Data:
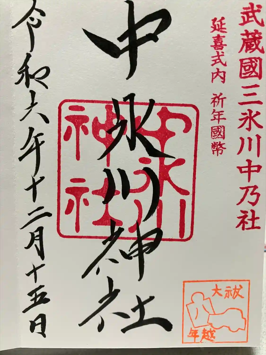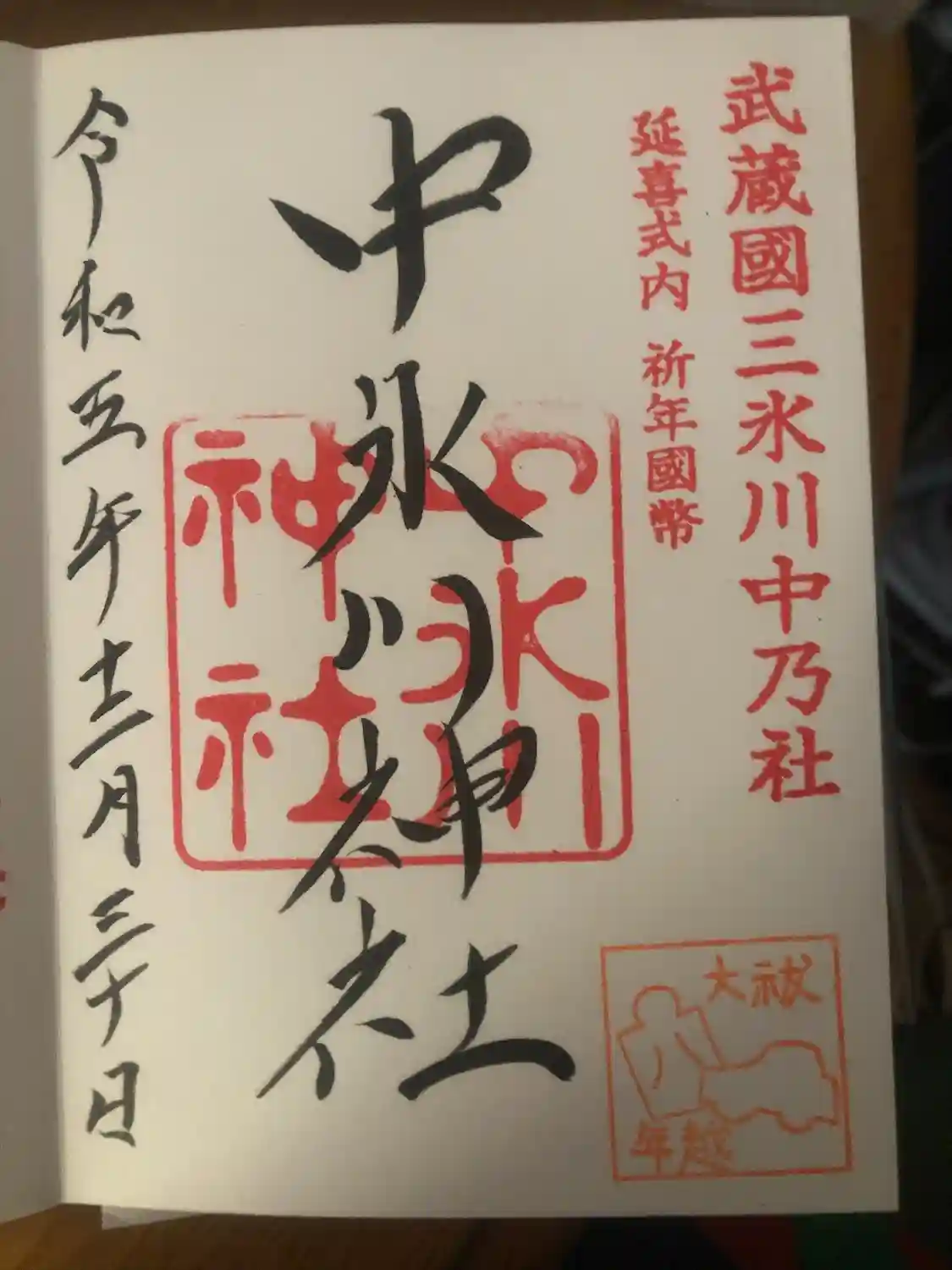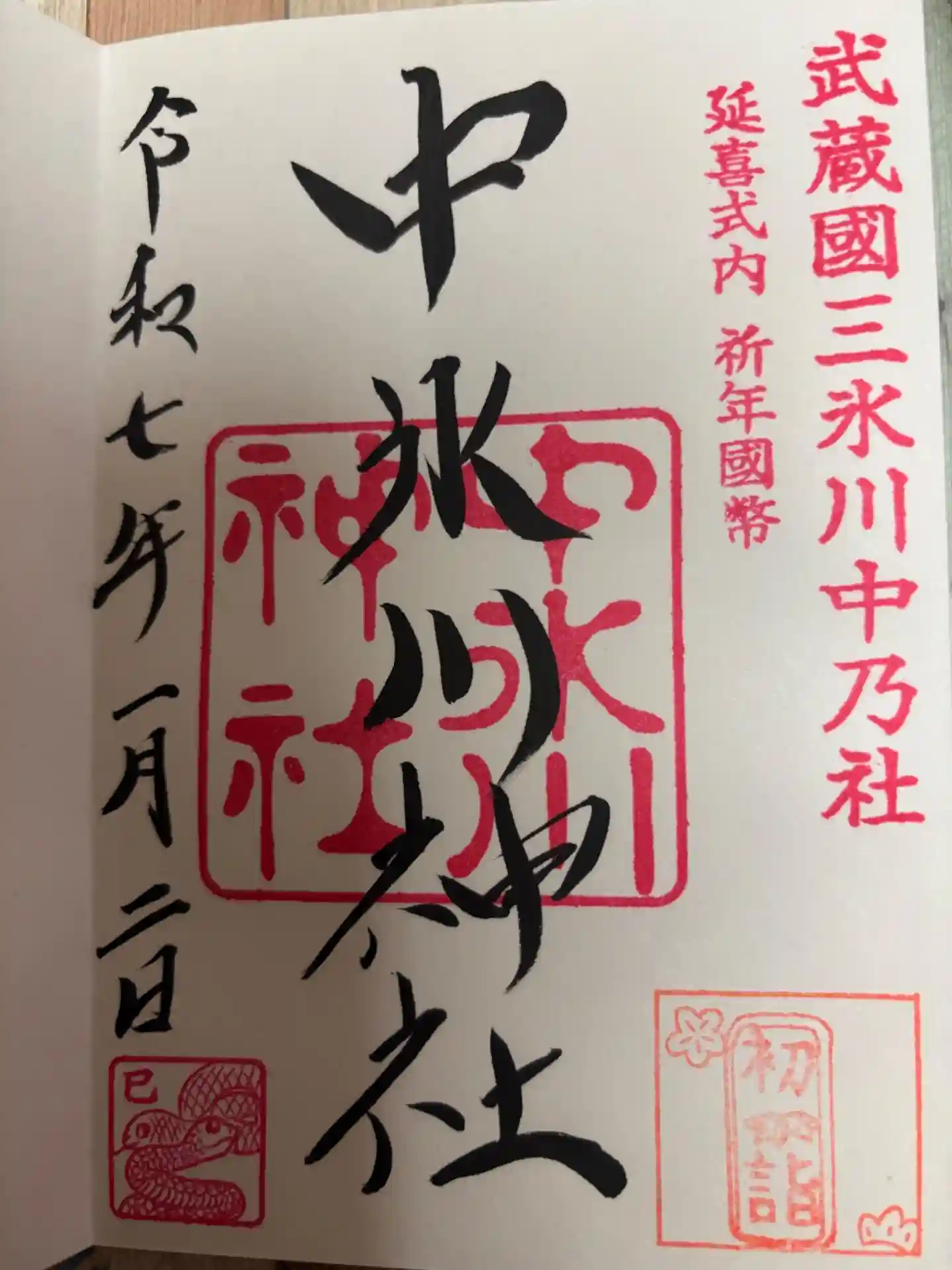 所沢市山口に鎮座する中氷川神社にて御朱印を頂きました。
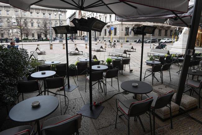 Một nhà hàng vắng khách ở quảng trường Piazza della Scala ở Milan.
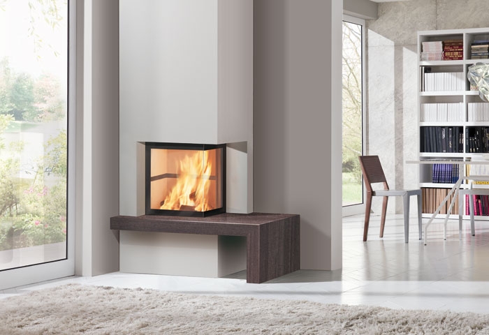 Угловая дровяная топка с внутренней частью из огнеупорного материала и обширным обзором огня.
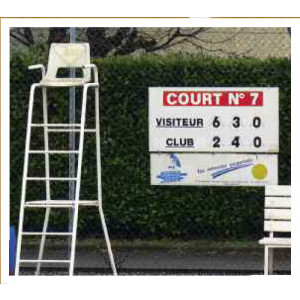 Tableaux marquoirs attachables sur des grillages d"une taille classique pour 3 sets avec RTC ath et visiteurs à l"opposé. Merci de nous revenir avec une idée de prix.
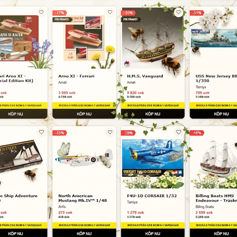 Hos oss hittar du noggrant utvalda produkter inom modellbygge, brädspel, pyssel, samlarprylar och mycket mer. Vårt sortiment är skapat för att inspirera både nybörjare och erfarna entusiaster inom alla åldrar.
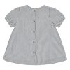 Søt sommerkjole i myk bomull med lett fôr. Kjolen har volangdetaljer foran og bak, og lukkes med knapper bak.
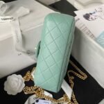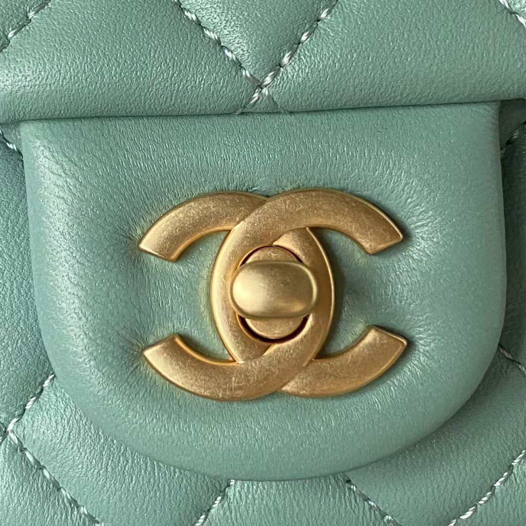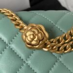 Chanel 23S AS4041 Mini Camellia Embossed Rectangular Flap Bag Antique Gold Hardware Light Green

Aim of the exercise:
If a picture appears among the records, leave it out, and otherwise reproduce exactly every line from the first line through the one with "Hos oss hittar", both included.

Response box:
 所沢市山口に鎮座する中氷川神社にて御朱印を頂きました。
 Một nhà hàng vắng khách ở quảng trường Piazza della Scala ở Milan.
 Угловая дровяная топка с внутренней частью из огнеупорного материала и обширным обзором огня.
 Tableaux marquoirs attachables sur des grillages d"une taille classique pour 3 sets avec RTC ath et visiteurs à l"opposé. Merci de nous revenir avec une idée de prix.
 Hos oss hittar du noggrant utvalda produkter inom modellbygge, brädspel, pyssel, samlarprylar och mycket mer. Vårt sortiment är skapat för att inspirera både nybörjare och erfarna entusiaster inom alla åldrar.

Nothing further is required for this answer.